June 28, 1944 was a day of excitement with the help of my father-in-law, we were finally leaving behind the sentry towers and barbed wire fences. [...] December 15, 1944 my second son was born. I felt secure and happy. The day I was to leave the hospital, I received a message that my husband was detained at the draft board. Why were they drafting him now. He volunteered several months before the outbreak of the war. He was so anxious to serve our country that he went to the draft board asking them to hurry and take him. They told him he was reclassified as an alien, 4-C. He came home late that night to tell me the army did not want him. With tears in his eyes, he told me they found he had tuberculosis. I cannot tell you how my heartached. On January 1945, he entered Glen Lake Sanatorium. He remained there for one year and 4 months. The W.R.A. gave me support of $55.00 a month. This was not enough but I managed by working in a garment factory and working for my pediatrician who gave my children all the free medical care. My parents worked in a home. We leased a huge house where 12 of us lived, sharing expenses.

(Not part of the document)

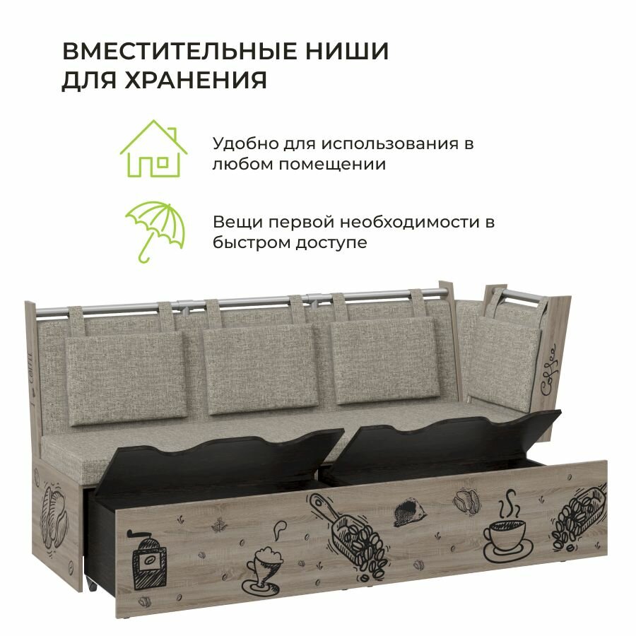 Диван BONMEBEL Роденго, СО СПАЛЬНЫМ МЕСТОМ, дуб сонома трюфель, Рогожка бежевая, скамья с ящиком, 189х66(100)х88 см: сравнение цен, характеристики, фото, актуальное наличие и цены.

When we finally moved back to California in 1961 after 17 years in Minneapolis with 4 children, our first incident of discrimination was still there. When we found a house we planned on purchasing, we were told by the realtor that he would send a petition around the neighborhood to see if we would be accepted. My husband became angry and told him to forget it.
On March 16, 1971 my husband passed away.
My second son, a very sensitive person, did not believe in the Vietnam war. He had an apartment near the Santa Anita Race Tracks. Whenever he would see the tracks lit up, he used to tell us that he couldn’t help but wonder why the government put us there. I feel intensely that his decision to go to Canada had a psychological effect on him. I only wish that my husband could have lived long enough to see my son return.
On November 1978 on Thanksgiving Day, my children, my son from Canada, and a grandson who came to fill the void in my heart gathered to give thanks to the Lord.
I believe for each and every individual whose dignity and freedom was stripped during the war, a monetary redress. The amount of redress cannot be measured in terms of dollars alone.
I thank you for allowing me to speak before you.